* YOUR INSTRUCTIONS: Would you print the lines below exactly, beginning at the line that has "Check that there" and stopping after the line that has "浙江义乌全球数贸中心经营户 周玲玲:以前"? Only those lines, and no pictures.
RECORD SET section start
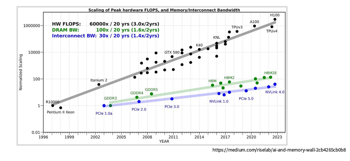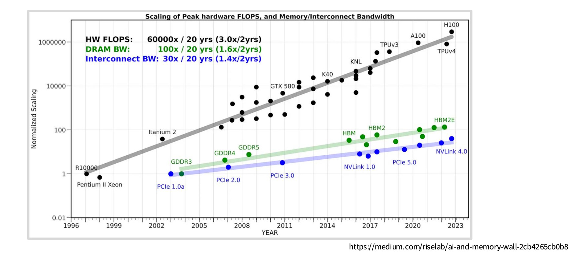 The core problem: compute capability (number of floating point operations per second) has been scaling much faster than memory bandwidth. This growing gap means memory increasingly becomes the bottleneck, even as our GPUs get more powerful.
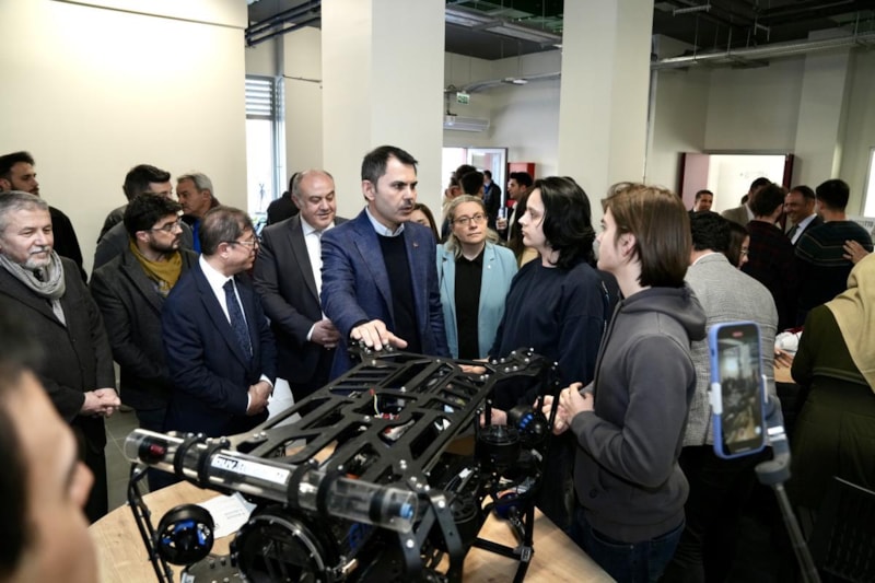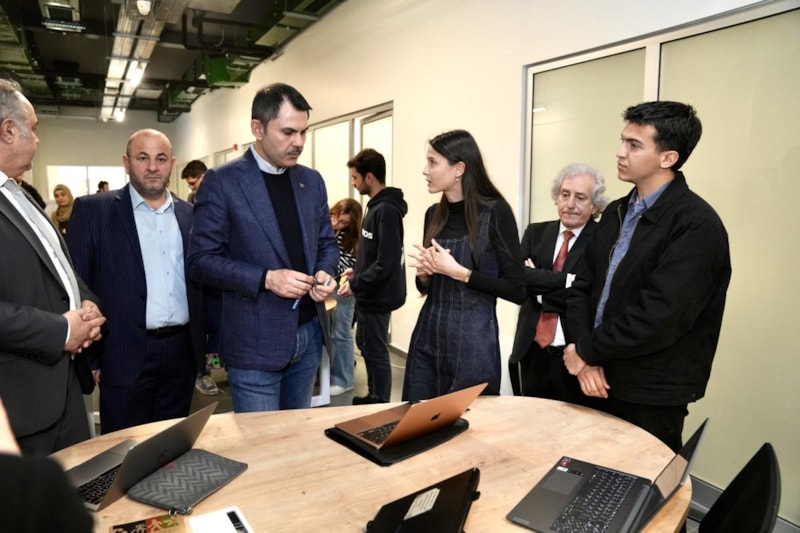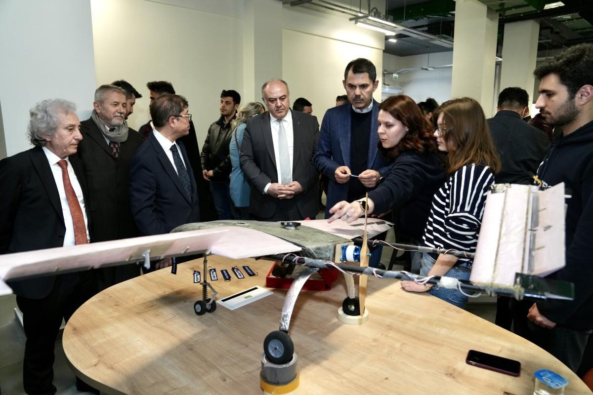 Burada üniversiteli öğrencilerle bir araya gelen Kurum, yapılan projeleri yakından inceledi.
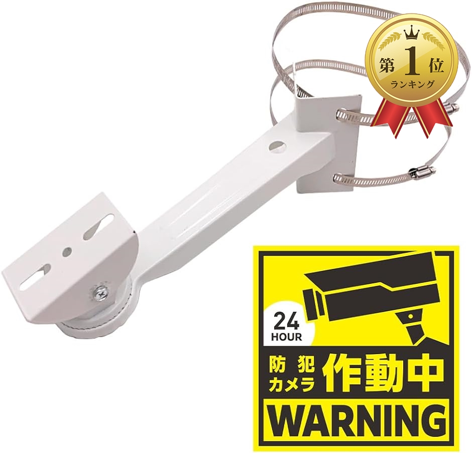 | 商品名 | 防犯カメラ 取付金具 防犯ステッカー付 ハウジング ブラケット ポール 円柱 角柱 屋外 取り付け 台 アーム ステンレスバンド付 29cm |
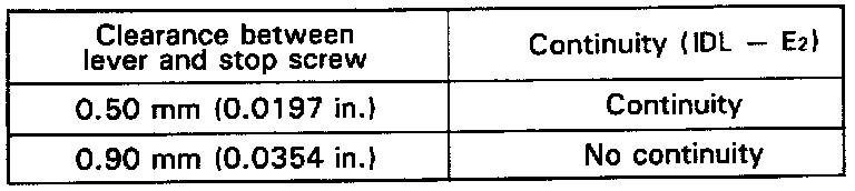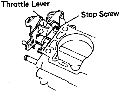 Check that there is no clearance between the throttle stop screw and throttle lever when the throttle valve is fully closed.
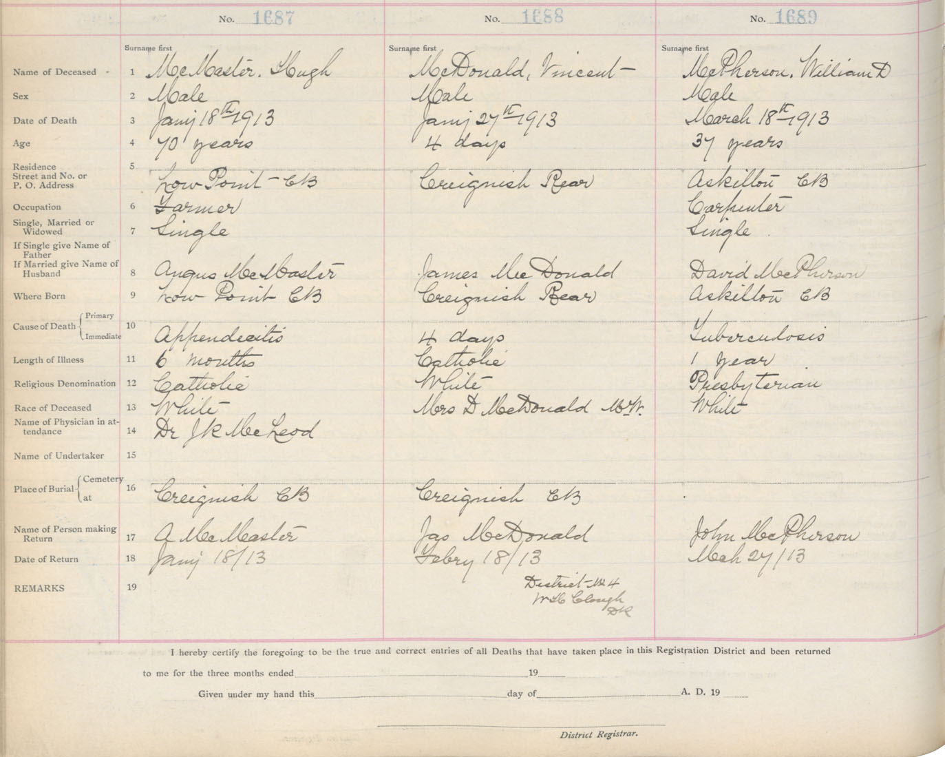 Death Registration: Year: 1913 book: 11 page: 249 number: 1689
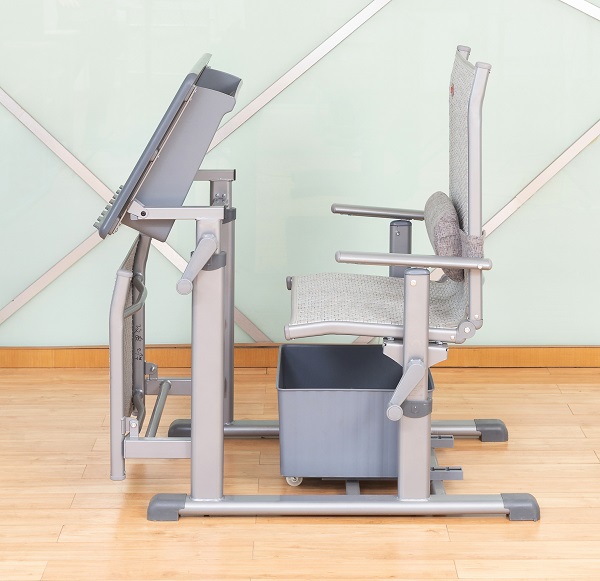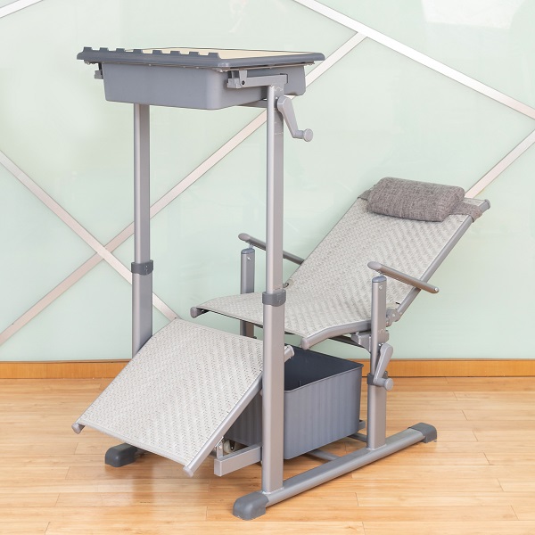 4、課椅規(guī)格及材料:460mm*380mm*(座椅面高420mm-460mm可手搖升降調(diào)節(jié))±5mm,椅背可調(diào)最大傾斜度150°。座靠面料采用符合出口標(biāo)準(zhǔn),沖擊100KG,靜壓180KG,60分鐘無損,抗紫外線不褪色,使用壽命8年以上的環(huán)保PE藤條。藤條規(guī)格為寬7.5mm±0.05mm*厚1.2mm±0.02mm,滕面邊沿采用PE材料包邊,尼龍線縫紉固定工藝。椅下設(shè)置370*330*190mm±3mm的PP材料的貯物箱,貯物箱底下前部設(shè)置雙滑輪,后部設(shè)置滑塊,與課椅下雙滑軌(ABS材質(zhì),規(guī)格315*30*20mm)的卡位裝置結(jié)構(gòu)配合,貯物箱可前后自由限位滑動,可脫卸。
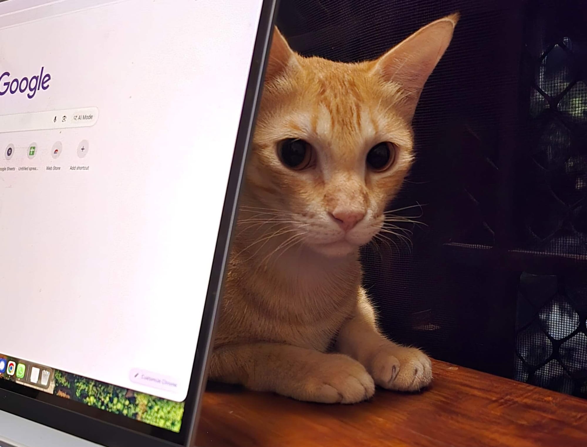 Bandit - jet-black fur, sharp yellow eyes, Editor-in-Mischief of Cats of Kochi - didn't even flinch. He was hunched over his desk, surrounded by museum pamphlets and empty tea cups arranged like modern art.
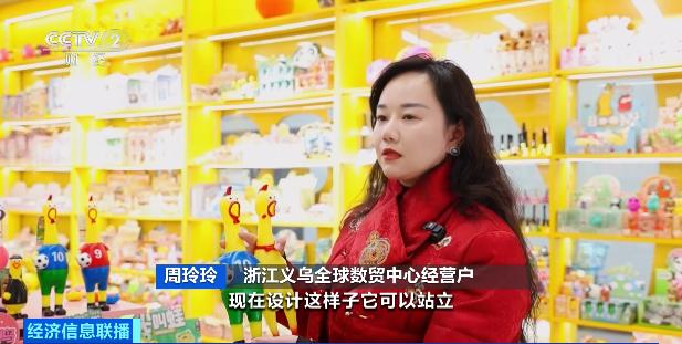 浙江义乌全球数贸中心经营户 周玲玲:以前的腿没办法站立,现在设计成可以站立的造型,墨西哥过来的客户直接到厂里,当天过来,明天30%的定金就到手了。
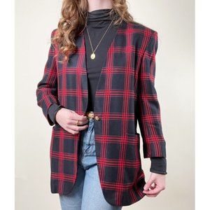 Stunning vintage long oversized single button plaid blazer jacket by Jones New York. Very high-quality piece perfect for this fall & winter, and for transitioning into the spring. Looks great with jeans and a graphic tee, over a simple dress, or paired with a turtleneck sweater and some high-waisted trousers. Guaranteed to get you many compliments whenever you wear this piece!
RECORD SET section end
* ANSWER TO THIS EXERCISE:
 Check that there is no clearance between the throttle stop screw and throttle lever when the throttle valve is fully closed.
 Death Registration: Year: 1913 book: 11 page: 249 number: 1689
 4、課椅規(guī)格及材料:460mm*380mm*(座椅面高420mm-460mm可手搖升降調(diào)節(jié))±5mm,椅背可調(diào)最大傾斜度150°。座靠面料采用符合出口標(biāo)準(zhǔn),沖擊100KG,靜壓180KG,60分鐘無損,抗紫外線不褪色,使用壽命8年以上的環(huán)保PE藤條。藤條規(guī)格為寬7.5mm±0.05mm*厚1.2mm±0.02mm,滕面邊沿采用PE材料包邊,尼龍線縫紉固定工藝。椅下設(shè)置370*330*190mm±3mm的PP材料的貯物箱,貯物箱底下前部設(shè)置雙滑輪,后部設(shè)置滑塊,與課椅下雙滑軌(ABS材質(zhì),規(guī)格315*30*20mm)的卡位裝置結(jié)構(gòu)配合,貯物箱可前后自由限位滑動,可脫卸。
 Bandit - jet-black fur, sharp yellow eyes, Editor-in-Mischief of Cats of Kochi - didn't even flinch. He was hunched over his desk, surrounded by museum pamphlets and empty tea cups arranged like modern art.
 浙江义乌全球数贸中心经营户 周玲玲:以前的腿没办法站立,现在设计成可以站立的造型,墨西哥过来的客户直接到厂里,当天过来,明天30%的定金就到手了。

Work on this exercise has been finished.